Na Argentina, o movimento universitário lidera grandes protestos contra os cortes na educação pública e as reformas ultraliberais de Javier Milei. No Chile, secundaristas e universitários se mobilizam por transporte gratuito e contra o aumento do custo de vida, enquanto no México, coletivos jovens e feministas denunciam a violência policial e os feminicídios.

Essa geração — nascida entre o fim dos anos 1990 e o início dos 2010 — cresceu em meio à crise climática, à precarização do trabalho e à falência das promessas neoliberais. É a primeira a compreender que o “crescimento econômico” deixou de significar segurança e mobilidade social.

A internet é o território onde essa revolta se organiza. Com hashtags, transmissões ao vivo e redes solidárias, jovens se articulam além das fronteiras nacionais, criando uma política global de resistência que conecta causas locais — como o preço da passagem, a corrupção ou a violência policial — a pautas universais como justiça ambiental, igualdade de gênero e direitos humanos.

O que une esses protestos é a percepção compartilhada de que o sistema capitalista não oferece futuro.

Onde o neoliberalismo falhou

  • Emprego e estabilidade: o “mercado aberto” e a flexibilização trabalhista produziram empregos instáveis e renda baixa.
     
  • Desigualdade: a promessa de mobilidade social foi quebrada; jovens endividados e sem acesso à moradia.
     
  • Serviços públicos sucateados: privatizações e austeridade corroeram saúde, educação e transporte.
     
  • Concentração de poder: elites econômicas e políticas se beneficiam à custa da maioria.
     
  • Colapso ambiental: a busca incessante por lucro deixou à Geração Z um planeta exaurido.

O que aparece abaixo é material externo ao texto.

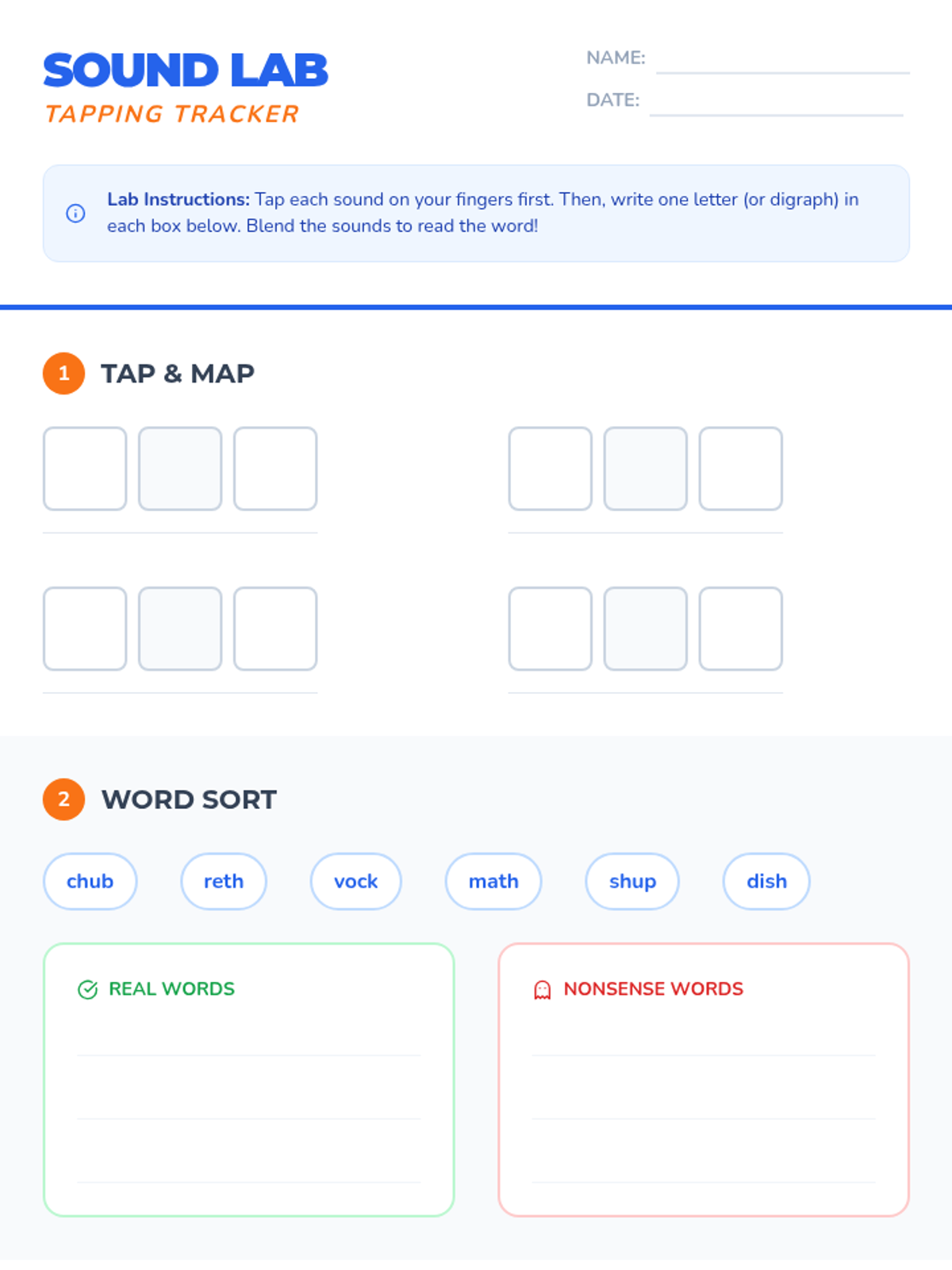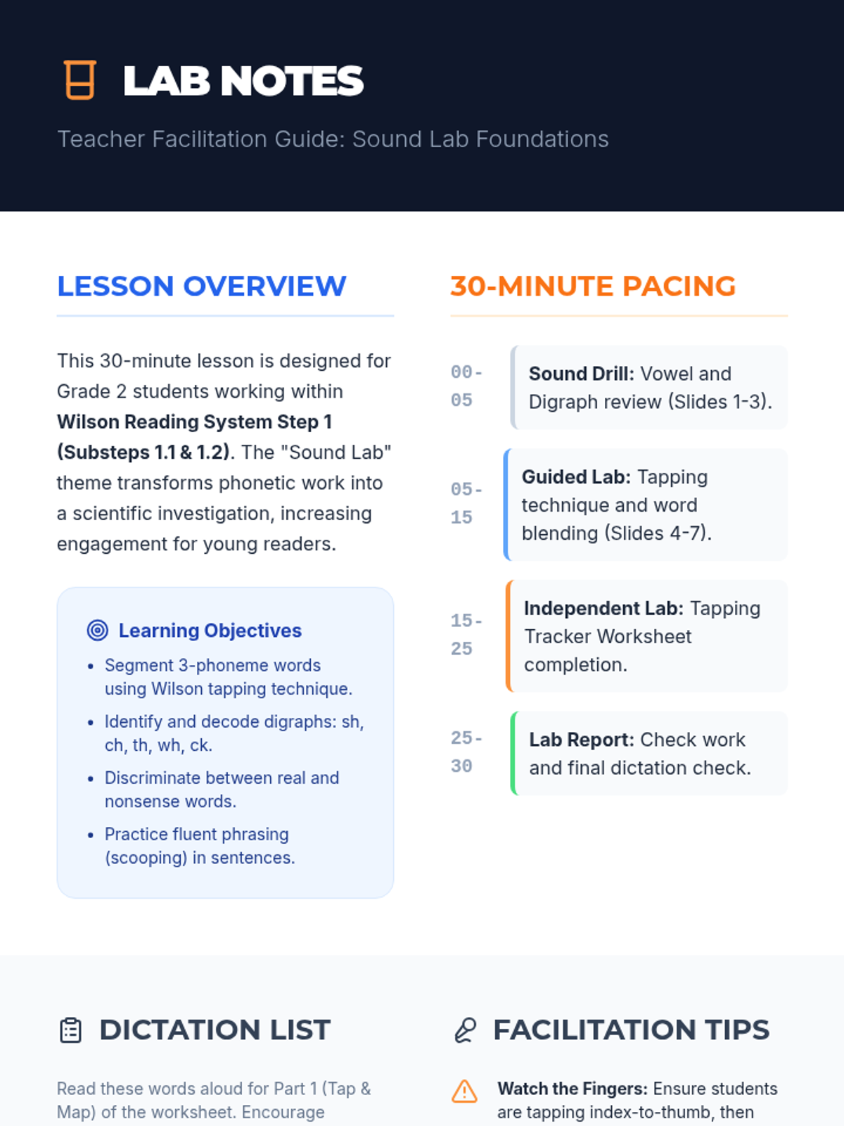 A foundational reading lesson focusing on Wilson Reading System Step 1 (CVC words and digraphs) through the 'Sound Lab' theme. Students practice phoneme segmentation (tapping), blending, and distinguishing between real and nonsense words.

A guinada à direita da juventude

A frustração da Geração Z com o sistema capitalista em colapso não significa, necessariamente, que todas essas mobilizações sejam progressistas. Muitas são reacionárias.

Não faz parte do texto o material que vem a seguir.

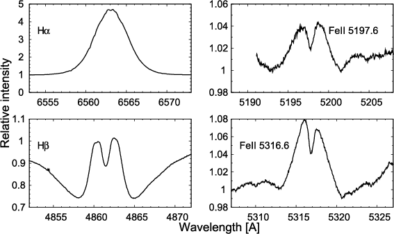 In addition, forbidden single-peaked [O I] 6300 Å and [Fe II] emission lines are detected with a very weak intensity (
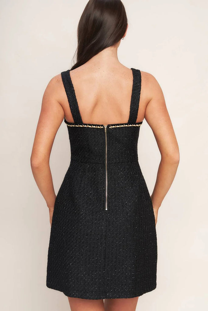 Indulge in timeless elegance with our Black Tweed Dress. Crafted from luxurious tweed, this classic dress features a tasteful button-down design and delicate straps, perfect for any sophisticated occasion. Elevate your style with this exclusive piece and make a statement with every step.

Em várias partes do mundo, pesquisas mostram que uma parcela crescente dessa juventude está se inclinando para a direita, movida por desilusão, insegurança econômica e desconfiança nas instituições democráticas.

Estudos da Universidade de Melbourne, da Universidade de Oxford e do European Democracy Hub apontam um padrão claro: homens jovens, especialmente os que enfrentam desemprego e perda de status social, são os mais propensos a se identificar com discursos conservadores.

Essa tendência é reforçada pela “nova direita digital”, que se apresenta como alternativa ao “politicamente correto” e transforma raiva e ressentimento em identidade política.

Nos Estados Unidos, a Harvard Youth Poll revelou que o número de jovens homens brancos que se dizem conservadores aumentou em mais de 10 pontos desde 2020.

Na Europa, eleitores jovens de Marine Le Pen e Giorgia Meloni veem o voto na extrema direita como forma de “rebelião contra o sistema” — uma contestação não à autoridade, mas às elites liberais que prometeram prosperidade e entregaram estagnação.

Na América Latina, o fenômeno também se manifesta.

No Brasil, o bolsonarismo mobilizou parte da juventude com discursos de meritocracia, antipetismo e “liberdade individual”. Jovens que cresceram durante a crise dos anos 2010 associam o Estado à corrupção e veem em Bolsonaro, ou em figuras como Nicolas Ferreira e Kim Kataguiri, uma “resistência moral” contra o excesso de progressismo.

O MBL transformou o descontentamento econômico e o cansaço com a política tradicional em marketing político juvenil, misturando memes, escracho e conservadorismo.

Esse fenômeno revela uma contradição central da Geração Z: enquanto parte dela se organiza por justiça social, igualdade e sustentabilidade, outra busca refúgio em narrativas antifeministas, nacionalistas e autoritárias.

Ambas, porém, nascem do mesmo ponto: a sensação de que o mundo atual não oferece lugar para eles — e de que é preciso escolher entre transformar o sistema ou se proteger dele.